◆ WHAT IS BEING ASKED
Images are not part of the copy; write out the rest of the data exactly as given.

◆ Data excerpts
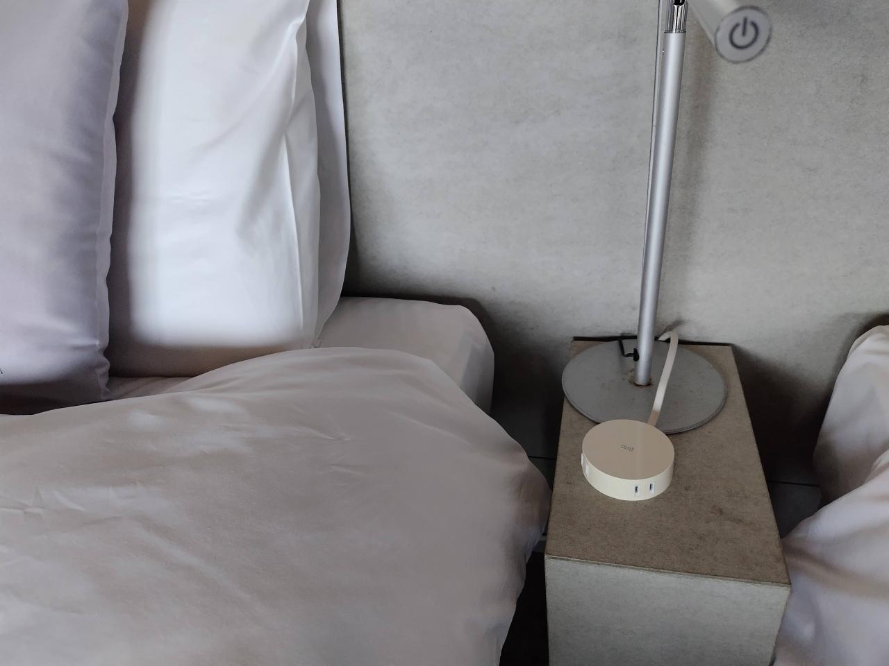 コンセントはベッドサイドやサイトテーブルにあるものの、ベッドサイドのには USB の口はない。
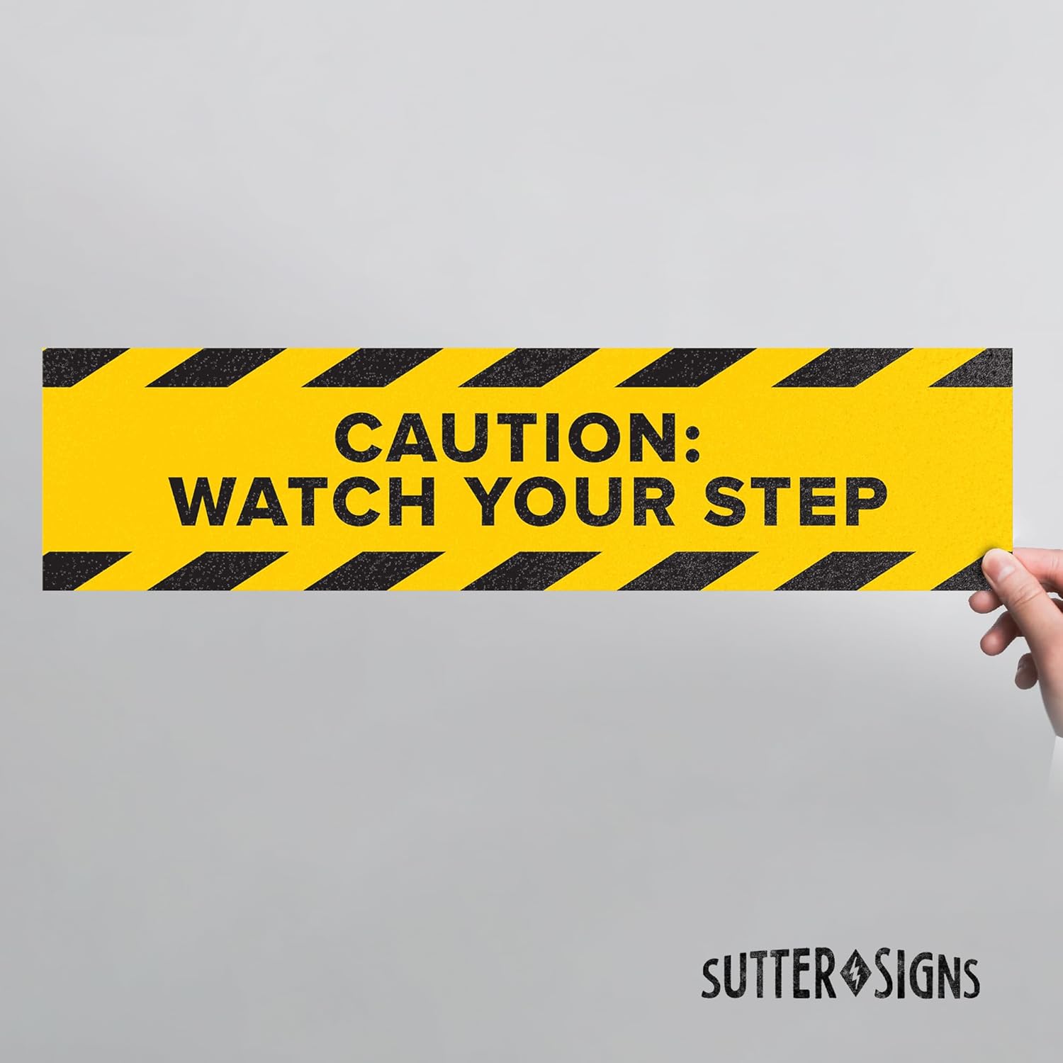Bulk Case of 50 Sets - 5pk Anti Slip Watch Your Step Floor Decals | Caution Wet Floor Sign Abrasive 80 Grit Tape Stickers for Workplace Safety
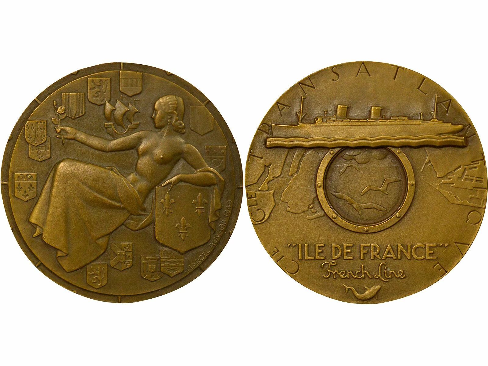 France Cie Gén. Transatlantique - Bronze Medal, SS Ile de France - 1949
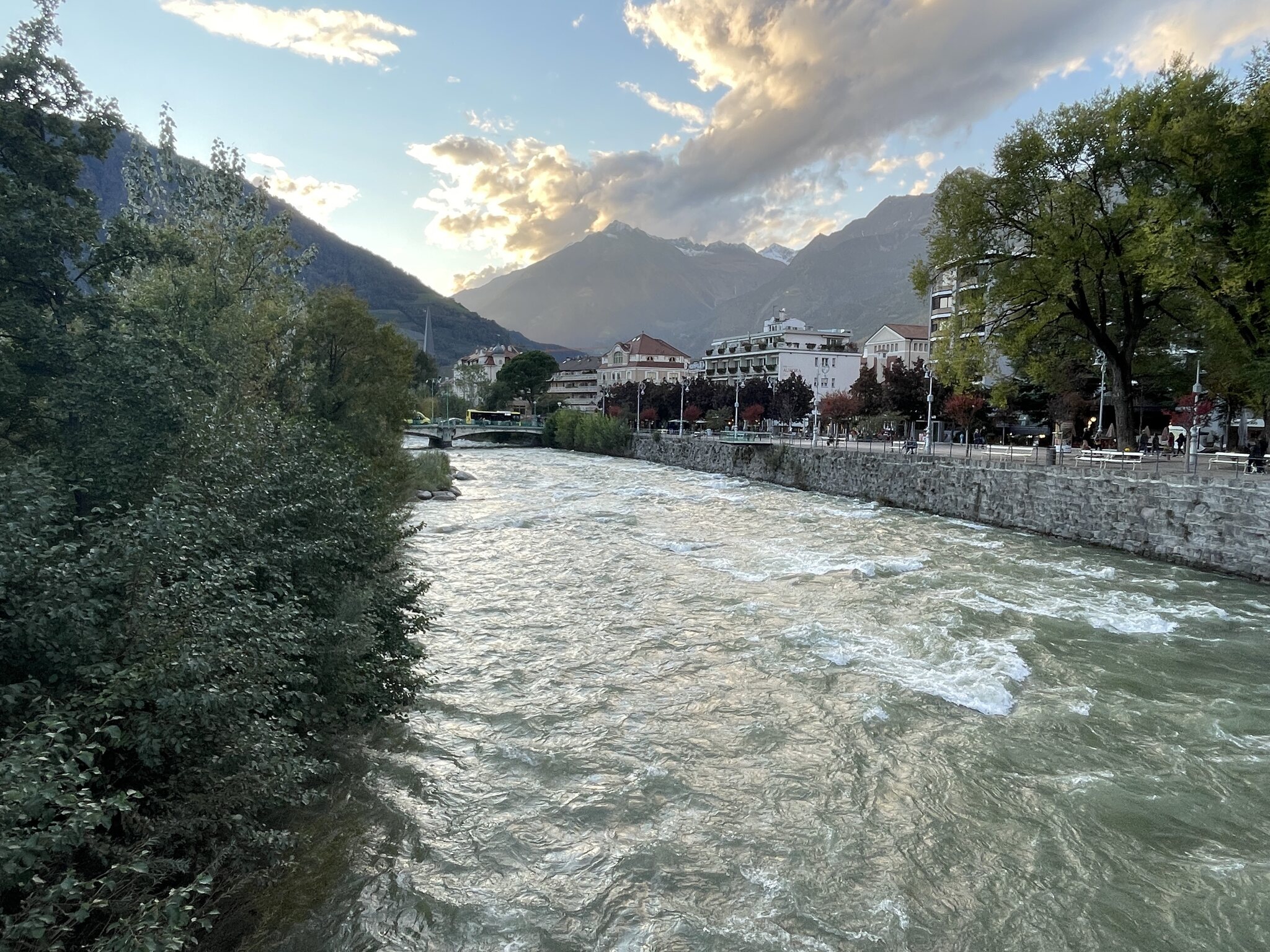 Umsteigeknoten Bahnhof Mals. Ab hier fahren Busse in viele verschiedene Richtungen sowie die Bahn Richtung Meran. Hier mussten wir das erste Mal ein Ticket kaufen: Mals - Meran. Kosten: 17 Euro für zwei Personen. Sehr human. Der Zug nach Mals. Wir hatten jedoch nur eine Komposition, nicht wie hier fotografiert zwei. Da viele Reisende unterwegs waren, wurde es im Zug durchaus kuschelig eng. Vorbei an unzähligen Obstplantagen verläuft die Strecke durch das Vinschgau: Meran kommt in Sichtweite: Vom Bahnhof in Meran bis zu unserem Hotel dauerte der Fussmarsch etwa zehn Minuten. Unsere Unterkunft liegt unmittelbar an der Passer, die zur Zeit ein tosender Fluss ist: Nach dem Einchecken - wir konnten bereits um 12:30 Uhr ins Zimmer - und einer kurzen Siesta machten wir einen ersten Spaziergang durch die Stadt. Folgend einige Eindrücke aus Meran:
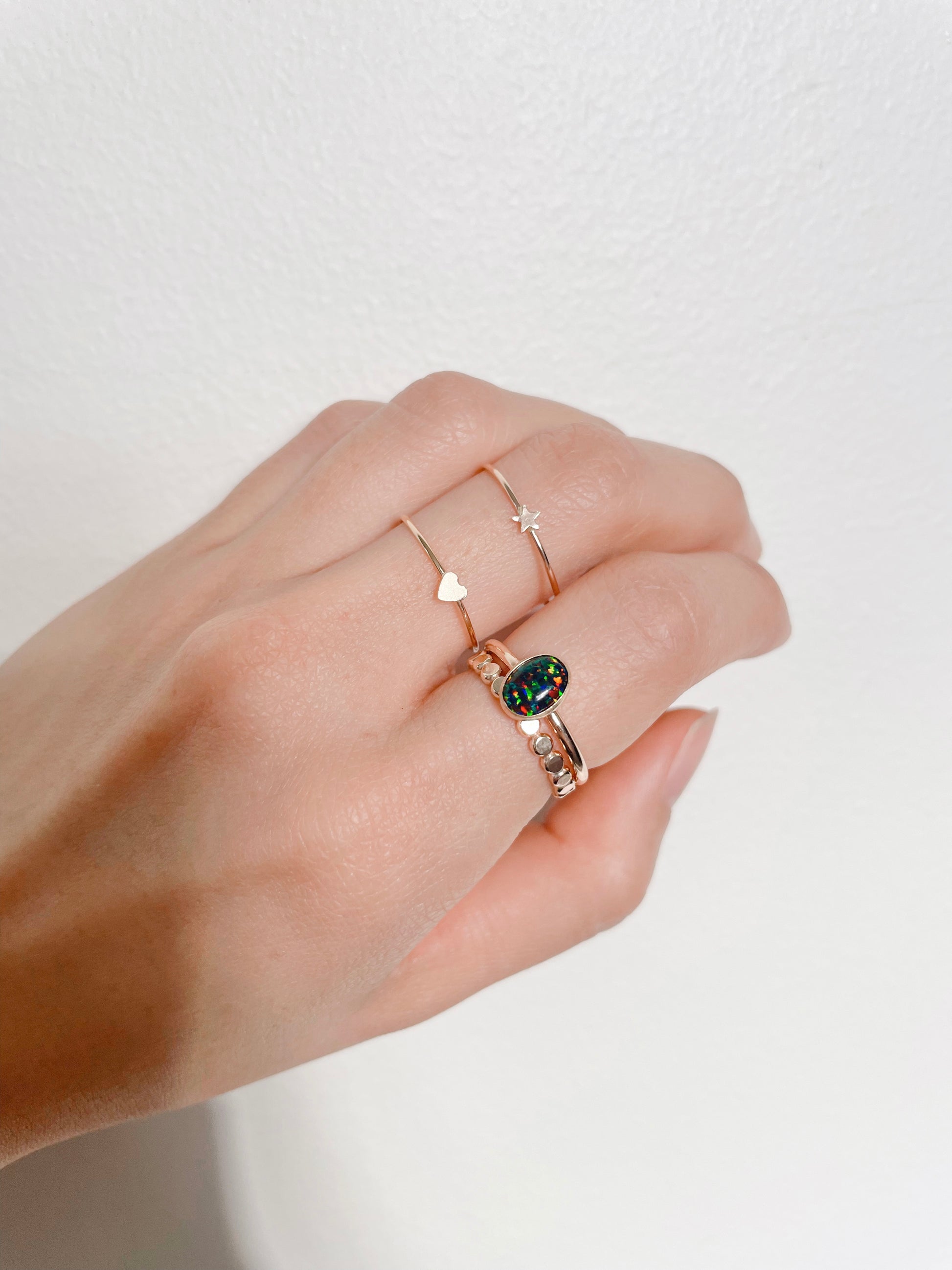 This dainty 14K gold-filled oval shape black opal ring is waterproof, tarnish-resistant, and perfect for everyday luxury.
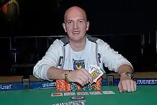 ![]() Hougaard after winning Event #36 at the 2008 World Series of Poker | |
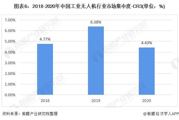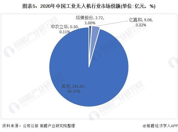根据弗若斯特沙利文数据,2020年,我国工业无人机市场规模约达273亿元。根据上市公司披露的无人机收入来看,亿嘉和营业收入为9.08亿元,占比最高,为3.32%。工业无人机行业CR3为4.43%,行业集中度较低。
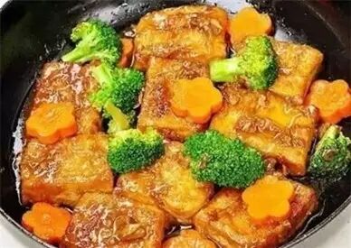 食材:南豆腐350克,胡萝卜50克,西兰花100克,姜适量,玉米淀粉20克,生抽,砂糖,素蚝油,料酒,高汤

◆ EXERCISE SOLUTION
 コンセントはベッドサイドやサイトテーブルにあるものの、ベッドサイドのには USB の口はない。
Bulk Case of 50 Sets - 5pk Anti Slip Watch Your Step Floor Decals | Caution Wet Floor Sign Abrasive 80 Grit Tape Stickers for Workplace Safety
 France Cie Gén. Transatlantique - Bronze Medal, SS Ile de France - 1949
 Umsteigeknoten Bahnhof Mals. Ab hier fahren Busse in viele verschiedene Richtungen sowie die Bahn Richtung Meran. Hier mussten wir das erste Mal ein Ticket kaufen: Mals - Meran. Kosten: 17 Euro für zwei Personen. Sehr human. Der Zug nach Mals. Wir hatten jedoch nur eine Komposition, nicht wie hier fotografiert zwei. Da viele Reisende unterwegs waren, wurde es im Zug durchaus kuschelig eng. Vorbei an unzähligen Obstplantagen verläuft die Strecke durch das Vinschgau: Meran kommt in Sichtweite: Vom Bahnhof in Meran bis zu unserem Hotel dauerte der Fussmarsch etwa zehn Minuten. Unsere Unterkunft liegt unmittelbar an der Passer, die zur Zeit ein tosender Fluss ist: Nach dem Einchecken - wir konnten bereits um 12:30 Uhr ins Zimmer - und einer kurzen Siesta machten wir einen ersten Spaziergang durch die Stadt. Folgend einige Eindrücke aus Meran:
 This dainty 14K gold-filled oval shape black opal ring is waterproof, tarnish-resistant, and perfect for everyday luxury.
 ![]() Hougaard after winning Event #36 at the 2008 World Series of Poker | |
根据弗若斯特沙利文数据,2020年,我国工业无人机市场规模约达273亿元。根据上市公司披露的无人机收入来看,亿嘉和营业收入为9.08亿元,占比最高,为3.32%。工业无人机行业CR3为4.43%,行业集中度较低。
 食材:南豆腐350克,胡萝卜50克,西兰花100克,姜适量,玉米淀粉20克,生抽,砂糖,素蚝油,料酒,高汤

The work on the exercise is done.